The problem:
In the entries below, which lines run from the one with "robber fly. |" through the one with "武威職業(yè)學(xué)"? Repeat exactly those, both included, and no pictures.

Data records:
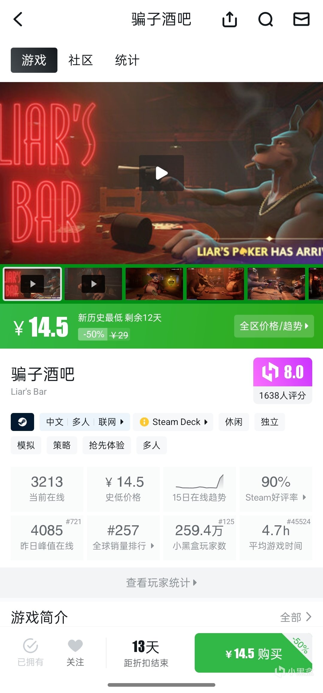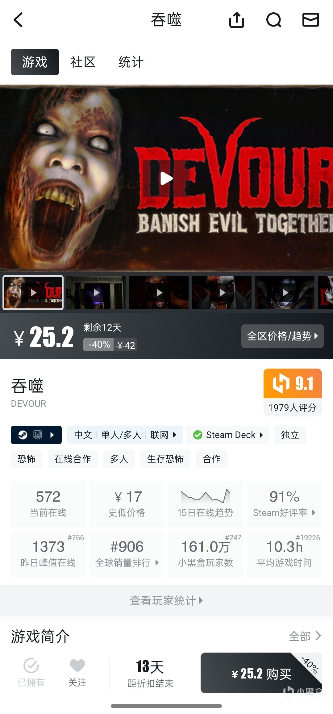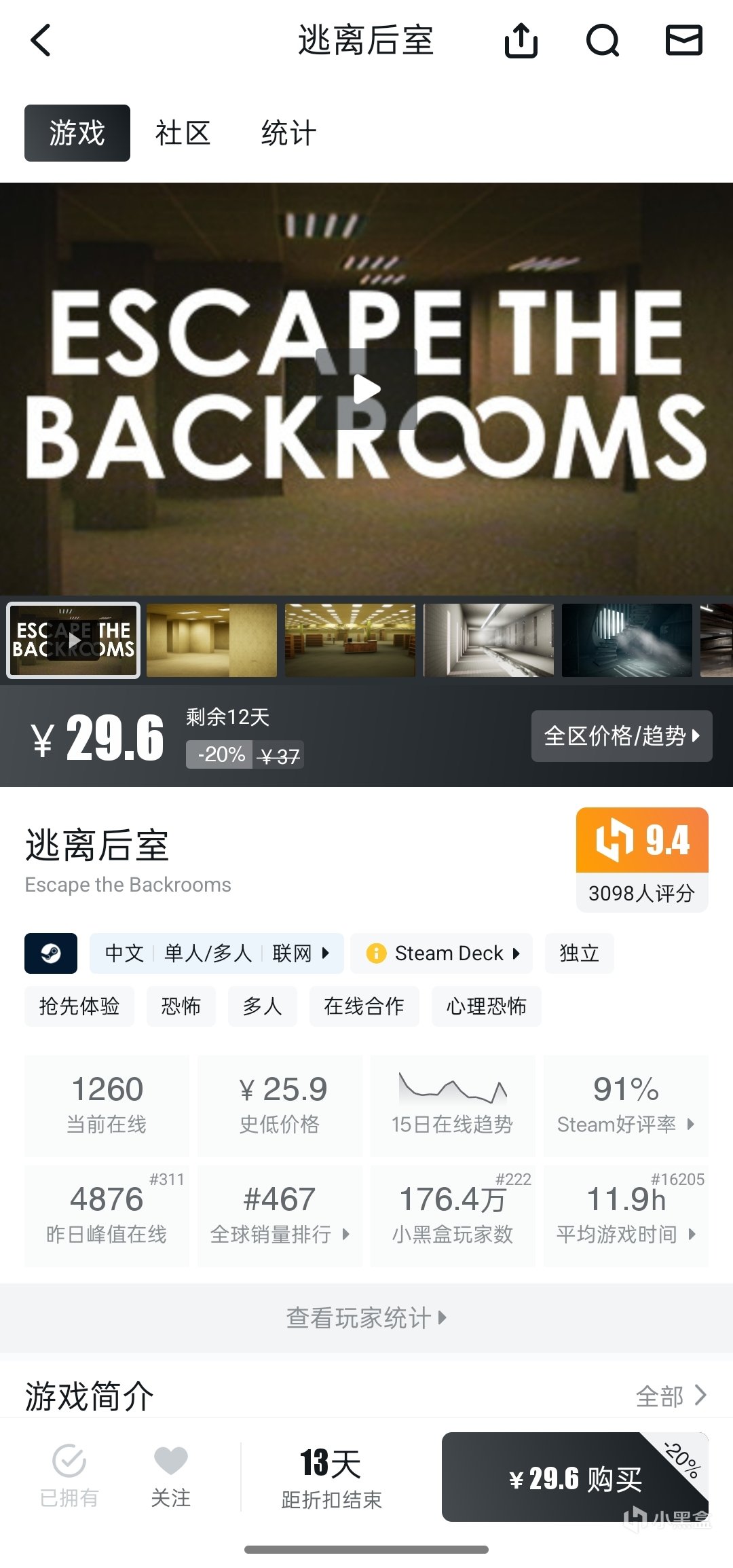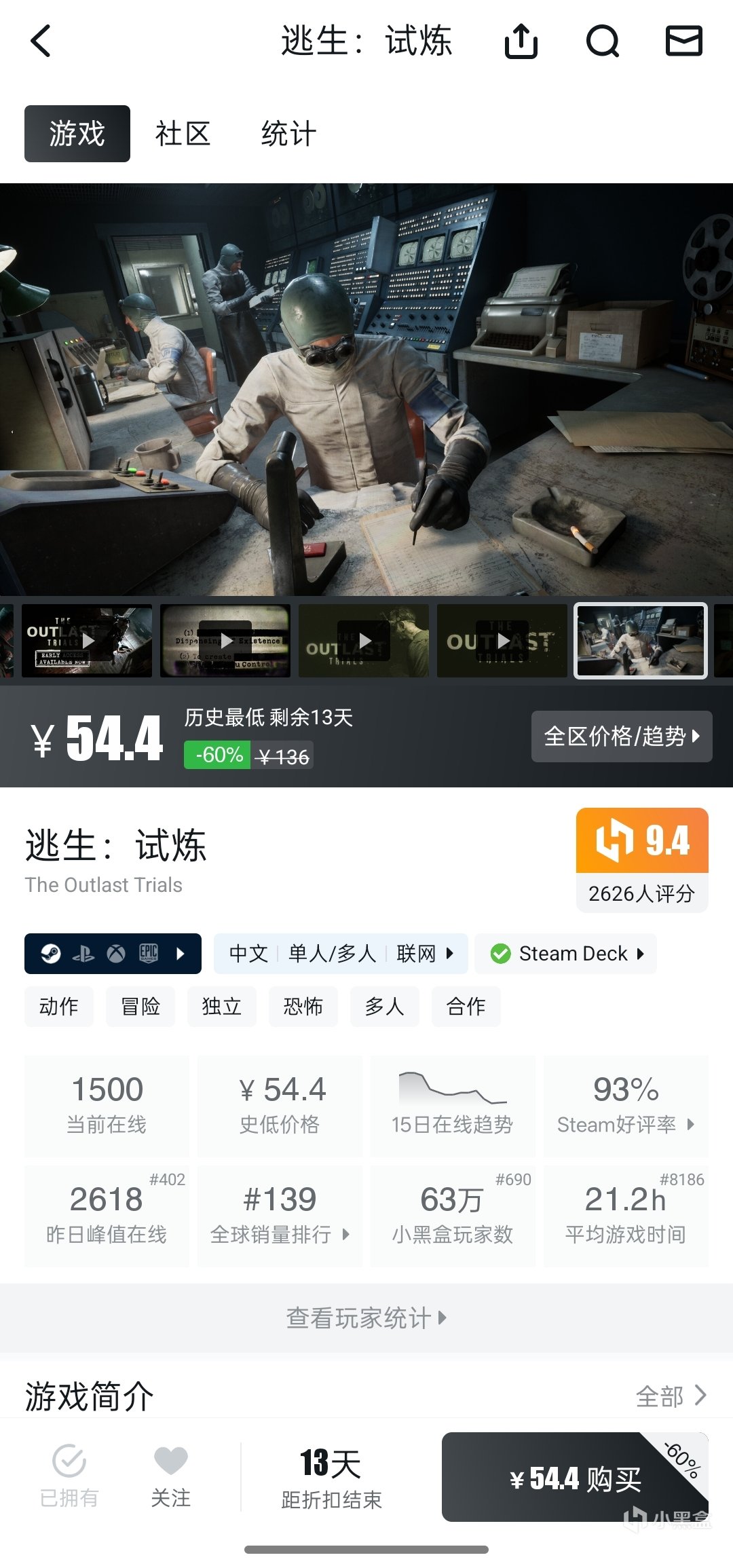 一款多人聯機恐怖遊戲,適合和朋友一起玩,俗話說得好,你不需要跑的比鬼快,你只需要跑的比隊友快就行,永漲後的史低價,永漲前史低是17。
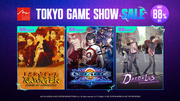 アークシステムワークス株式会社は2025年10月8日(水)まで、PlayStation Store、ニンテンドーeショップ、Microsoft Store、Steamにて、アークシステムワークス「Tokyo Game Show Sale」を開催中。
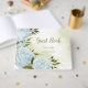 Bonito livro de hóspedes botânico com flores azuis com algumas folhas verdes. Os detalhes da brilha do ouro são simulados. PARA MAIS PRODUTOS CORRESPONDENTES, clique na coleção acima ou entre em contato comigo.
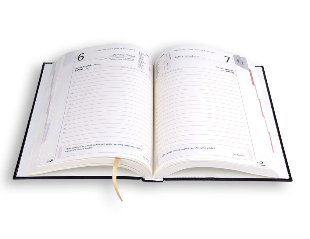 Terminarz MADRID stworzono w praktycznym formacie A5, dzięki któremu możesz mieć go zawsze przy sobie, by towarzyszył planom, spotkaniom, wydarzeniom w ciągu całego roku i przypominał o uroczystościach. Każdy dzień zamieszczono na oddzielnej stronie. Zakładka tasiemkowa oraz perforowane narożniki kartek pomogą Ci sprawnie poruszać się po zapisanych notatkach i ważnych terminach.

--

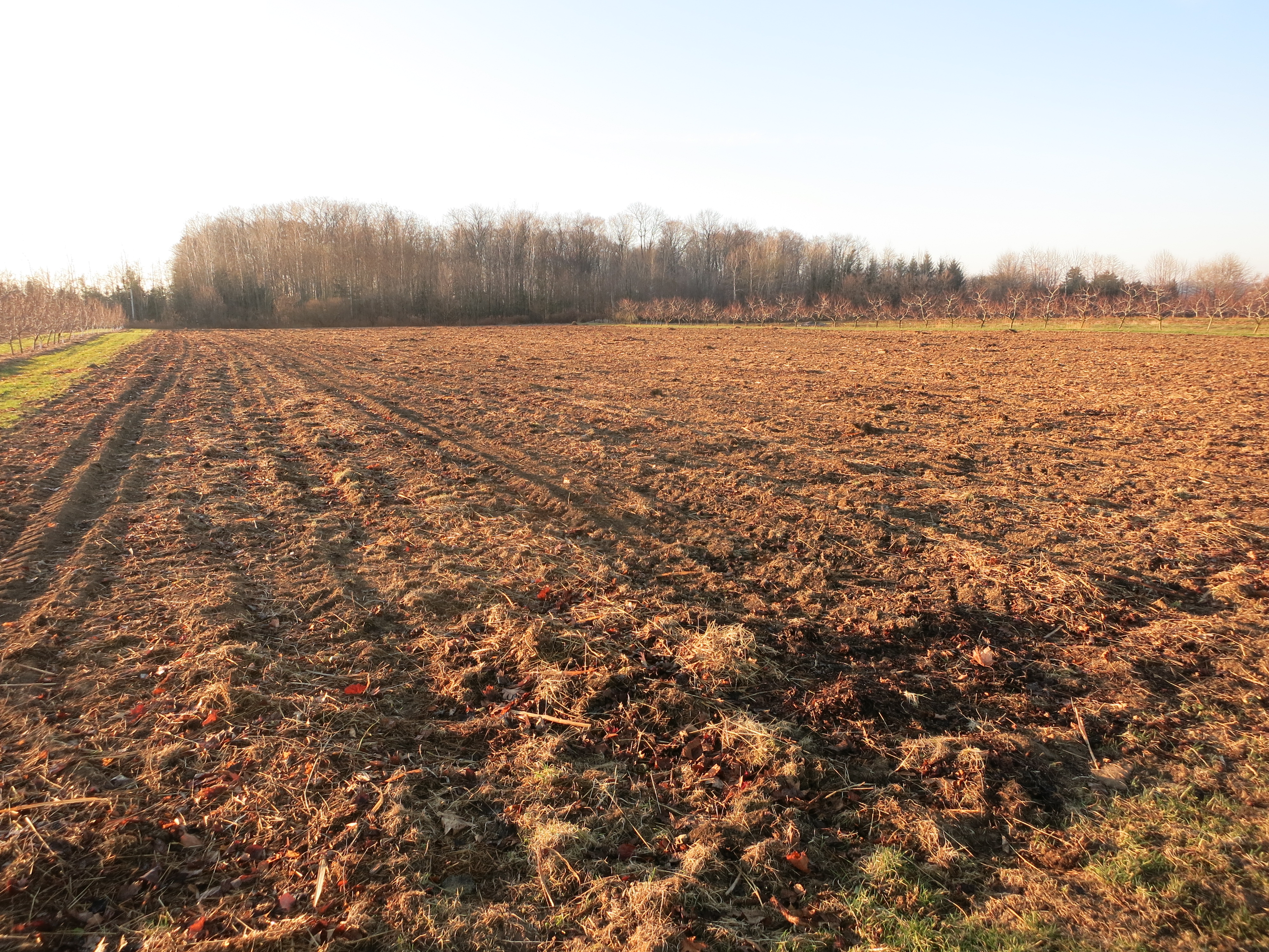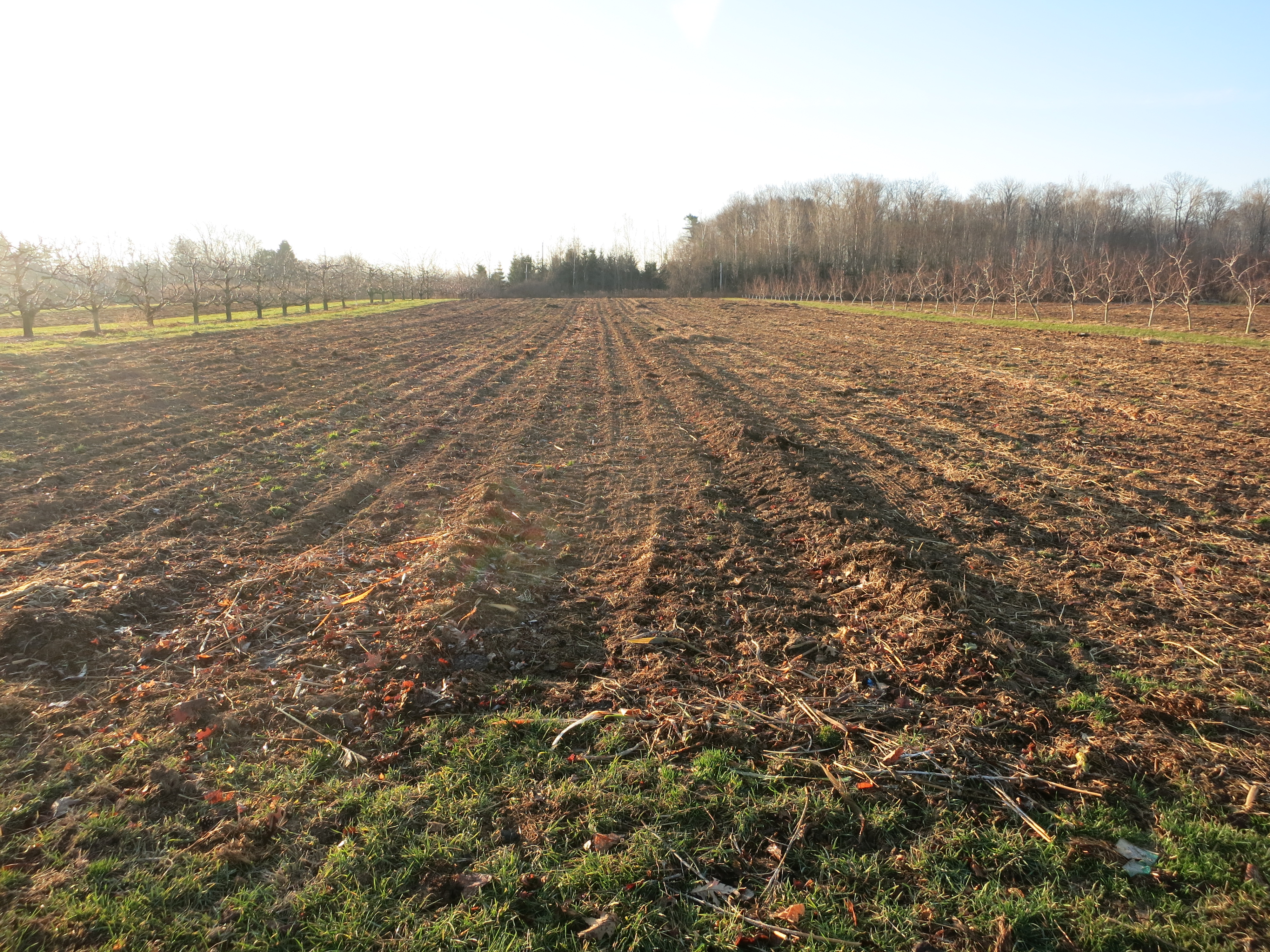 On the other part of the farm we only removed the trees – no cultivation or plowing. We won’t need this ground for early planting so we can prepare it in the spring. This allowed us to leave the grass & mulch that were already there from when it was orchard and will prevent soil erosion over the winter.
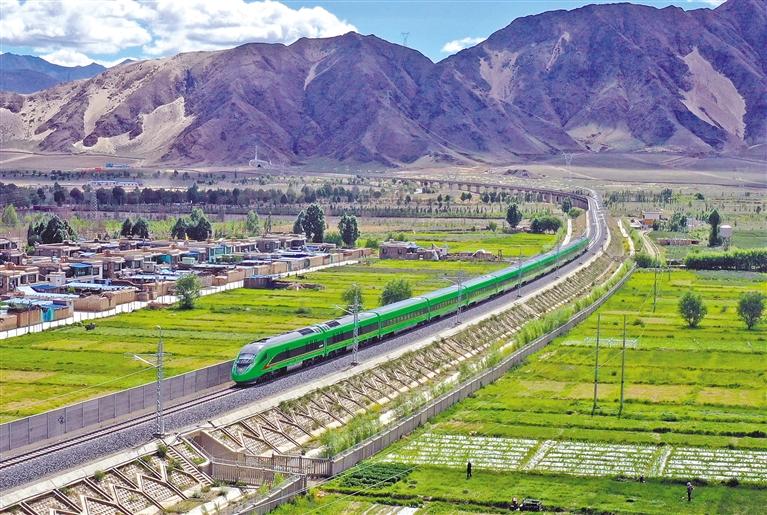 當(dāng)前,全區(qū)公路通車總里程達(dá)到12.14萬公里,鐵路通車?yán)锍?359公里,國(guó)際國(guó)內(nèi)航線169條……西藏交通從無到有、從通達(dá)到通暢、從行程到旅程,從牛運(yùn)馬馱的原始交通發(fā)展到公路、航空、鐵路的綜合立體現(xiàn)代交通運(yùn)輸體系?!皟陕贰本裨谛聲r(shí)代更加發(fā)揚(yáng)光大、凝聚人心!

---

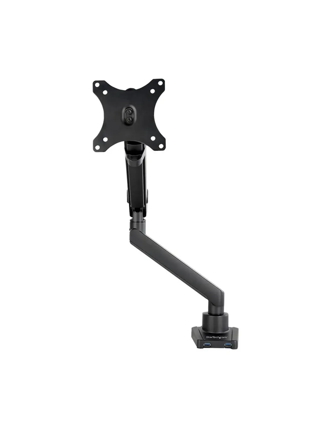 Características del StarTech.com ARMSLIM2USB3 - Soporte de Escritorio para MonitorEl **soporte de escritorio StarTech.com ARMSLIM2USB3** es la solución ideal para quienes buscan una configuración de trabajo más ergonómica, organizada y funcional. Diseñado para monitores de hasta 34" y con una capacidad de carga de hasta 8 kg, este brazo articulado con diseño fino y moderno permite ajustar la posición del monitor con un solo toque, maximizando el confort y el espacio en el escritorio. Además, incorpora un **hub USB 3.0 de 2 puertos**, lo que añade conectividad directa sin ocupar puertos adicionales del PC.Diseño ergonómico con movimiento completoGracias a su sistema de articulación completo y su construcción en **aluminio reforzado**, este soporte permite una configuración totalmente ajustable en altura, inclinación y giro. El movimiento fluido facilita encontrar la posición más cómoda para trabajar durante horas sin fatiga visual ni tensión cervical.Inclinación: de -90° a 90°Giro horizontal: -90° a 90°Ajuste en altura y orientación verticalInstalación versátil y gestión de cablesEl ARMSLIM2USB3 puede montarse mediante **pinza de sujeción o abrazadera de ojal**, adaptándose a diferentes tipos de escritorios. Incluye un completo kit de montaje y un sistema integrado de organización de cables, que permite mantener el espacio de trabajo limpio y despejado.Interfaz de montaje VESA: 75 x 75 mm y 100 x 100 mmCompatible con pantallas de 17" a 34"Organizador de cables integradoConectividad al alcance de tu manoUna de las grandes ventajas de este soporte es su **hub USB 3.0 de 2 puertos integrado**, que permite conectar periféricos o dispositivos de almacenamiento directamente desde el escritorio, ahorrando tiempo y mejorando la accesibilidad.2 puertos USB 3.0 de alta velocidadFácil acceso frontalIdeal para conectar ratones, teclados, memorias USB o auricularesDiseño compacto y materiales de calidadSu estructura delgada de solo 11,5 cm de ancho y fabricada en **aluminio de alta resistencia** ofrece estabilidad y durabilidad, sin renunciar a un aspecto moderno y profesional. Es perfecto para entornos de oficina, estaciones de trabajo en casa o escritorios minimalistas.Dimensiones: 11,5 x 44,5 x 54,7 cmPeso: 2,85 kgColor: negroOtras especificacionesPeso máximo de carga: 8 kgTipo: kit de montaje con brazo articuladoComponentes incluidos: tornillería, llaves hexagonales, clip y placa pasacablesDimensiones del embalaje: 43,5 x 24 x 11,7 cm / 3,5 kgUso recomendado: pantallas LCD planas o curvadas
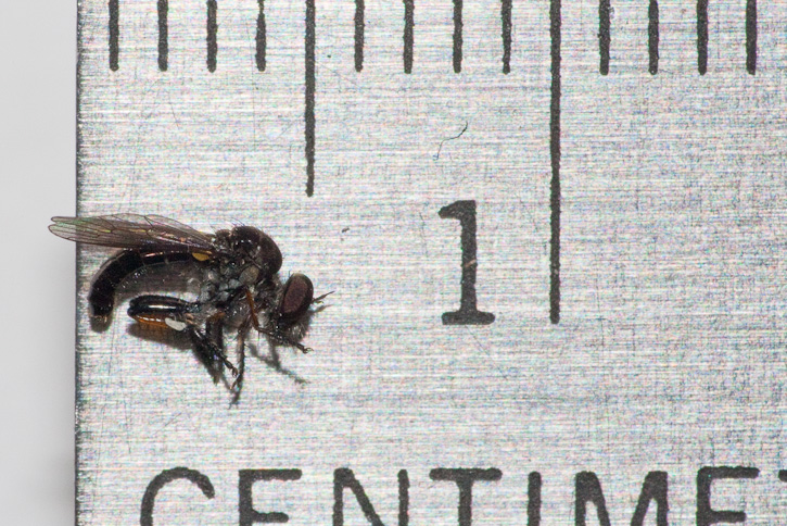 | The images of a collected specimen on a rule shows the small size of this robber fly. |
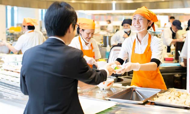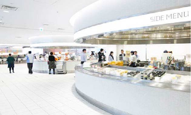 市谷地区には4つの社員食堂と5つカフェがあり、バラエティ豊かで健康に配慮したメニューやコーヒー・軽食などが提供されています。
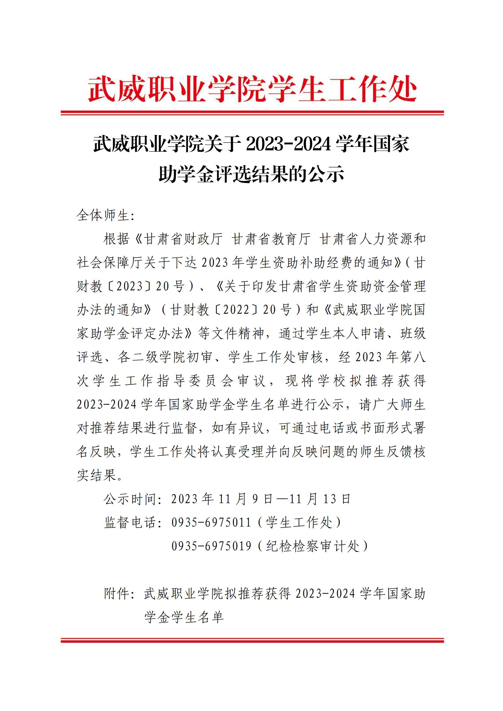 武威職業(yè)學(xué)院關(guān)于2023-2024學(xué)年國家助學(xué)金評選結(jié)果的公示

Task answer:
 | The images of a collected specimen on a rule shows the small size of this robber fly. |
 市谷地区には4つの社員食堂と5つカフェがあり、バラエティ豊かで健康に配慮したメニューやコーヒー・軽食などが提供されています。
 武威職業(yè)學(xué)院關(guān)于2023-2024學(xué)年國家助學(xué)金評選結(jié)果的公示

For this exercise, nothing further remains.